絵画道場ディスカッションvol.64
「富永絢美の作品をめぐって」
2015年7月16日(木)
アートプレイスU2にて開催中の展覧会「 warp! 」。
会場にて作品をめぐるディスカッションが開催された。
展示会場には60点近い数のコラージュの作品がずらりと並べられている。
作品は、古い雑誌などからイメージ写真を切り取り、それを板パネルに貼り合せて作られている。所々に鉛筆や絵の具が使用されているものもあるが、それはペイントというよりはあくまでコラージュ素材の一つとして扱われているように見える。普段はペイントでの制作も進める彼女だが、今回の展示に向けては、コラージュによる「意味のわからない空間」を日々ひたすら作りだしたのだそうだ。

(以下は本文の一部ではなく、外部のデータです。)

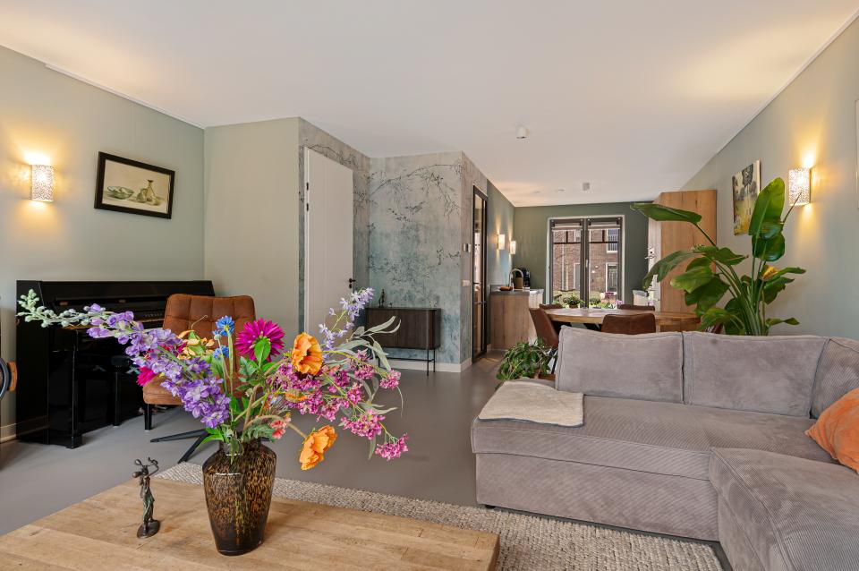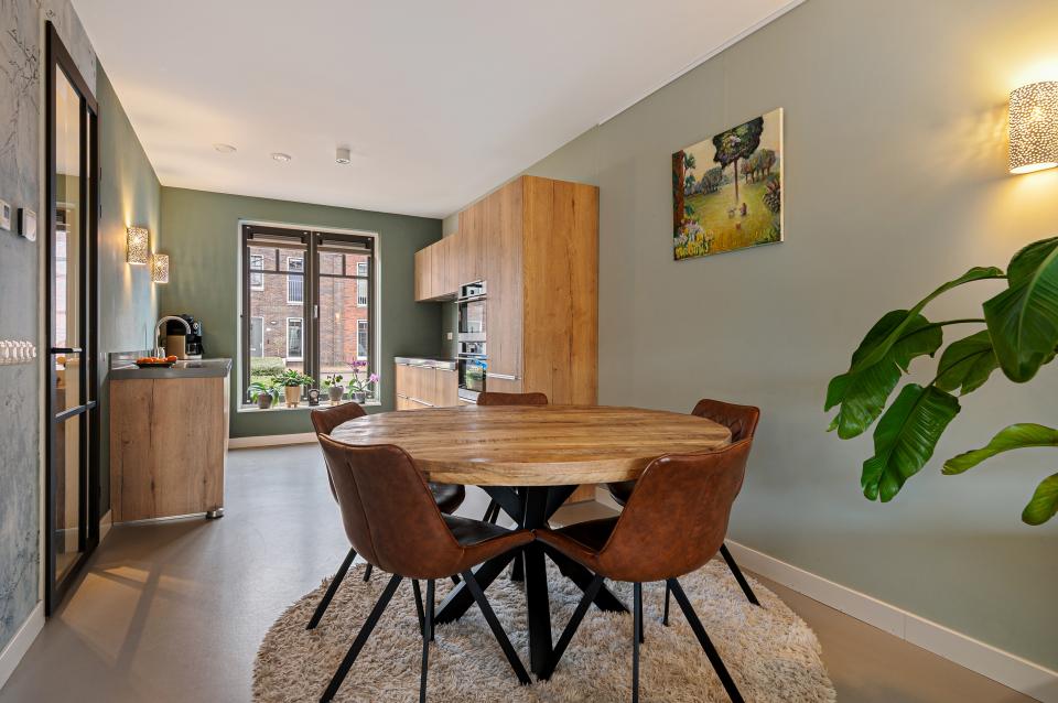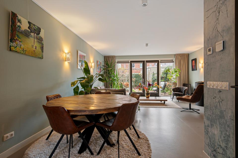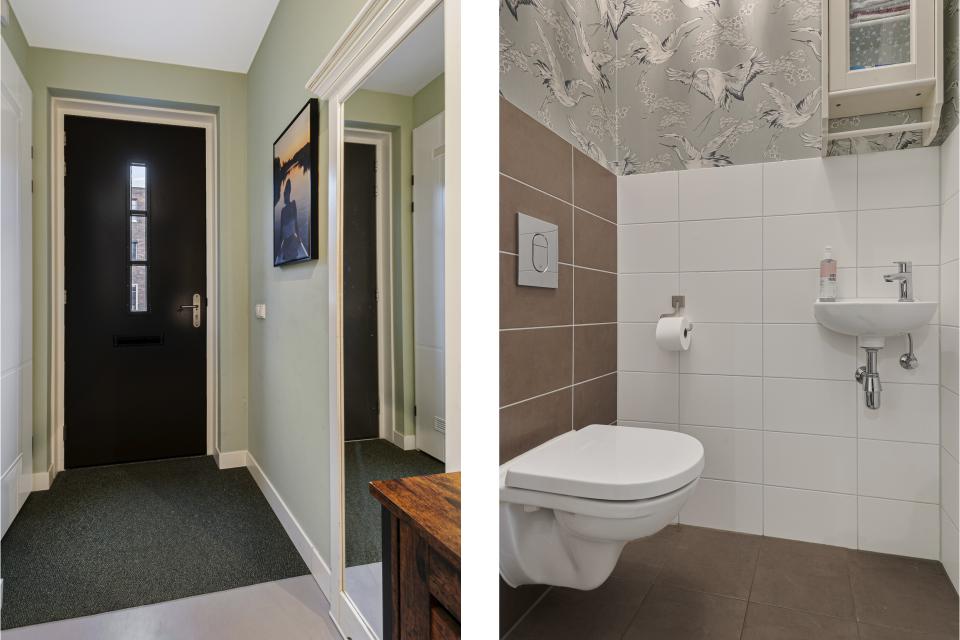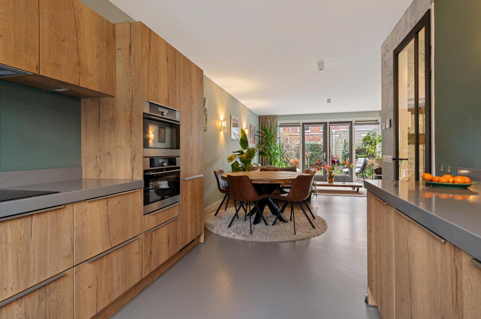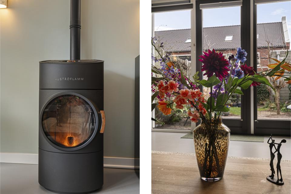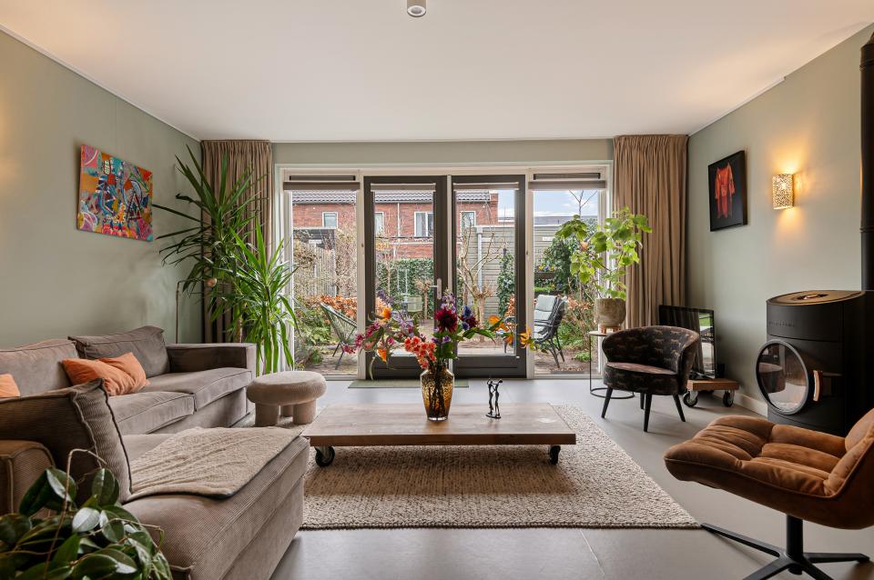 Bij binnenkomst ervaart u direct de warme sfeer van deze woning. De hal biedt toegang tot een toilet met hangend closet en fonteintje en de meterkast. De uitgebouwde (1,20 meter) woonkamer is voorzien van linoleum met vloerverwarming en openslaande deuren naar de op het oosten gelegen achtertuin. Voor extra warmte en gezelligheid is er een Austroflamm Pelletkachel aanwezig. De sfeervolle keuken aan de voorzijde is van alle gemakken voorzien: een composiet aanrechtblad, koelkast, vriezer, magnetron, combi-stoomoven, inductiekookplaat met geïntegreerde afzuigkap, vaatwasser en een handig afvalsysteem. Het hoge raam zorgt voor een prettige lichtinval. In de praktische trapkast bevindt zich de binnenunit / boiler van de luchtwarmtepomp (eigendom), met daarnaast nog extra opbergruimte.

富永さんは何かメッセージ性を持って作品を作り出しているのではなく「コラージュをして、意味のわからない空間が現れた時に、自分のセンスが発揮できる感じがする」のだという。画面上に物語性やメッセージ性のようなものが発生しないように注意をして彼女は制作を進めた。
予め完成しているイメージ素材を編集センスのみで操作した作品からは、制作作業の上での軽やかな瞬発力が垣間見える。展示空間全体が彼女のセンスのみで打ち出されていると言えるだろう。
warpとはSFなどに時折登場する、空間の歪みを利用して目的地に到達することである。もともと居た現実世界から、理屈の説明無しにいきなり空間の歪 みによる別世界へと飛び越えてしまう。彼女の作品も展覧会名「 warp! 」に違わず、細かい理屈のようなものをポンと飛び越え鑑賞者に異空間の様子を覗かせる。
( 文:短期大学部美術分野 教務助手 海野由佳 )
前期の絵画道場は今回で終了いたします。後期も皆様のご来場をお待ちしています。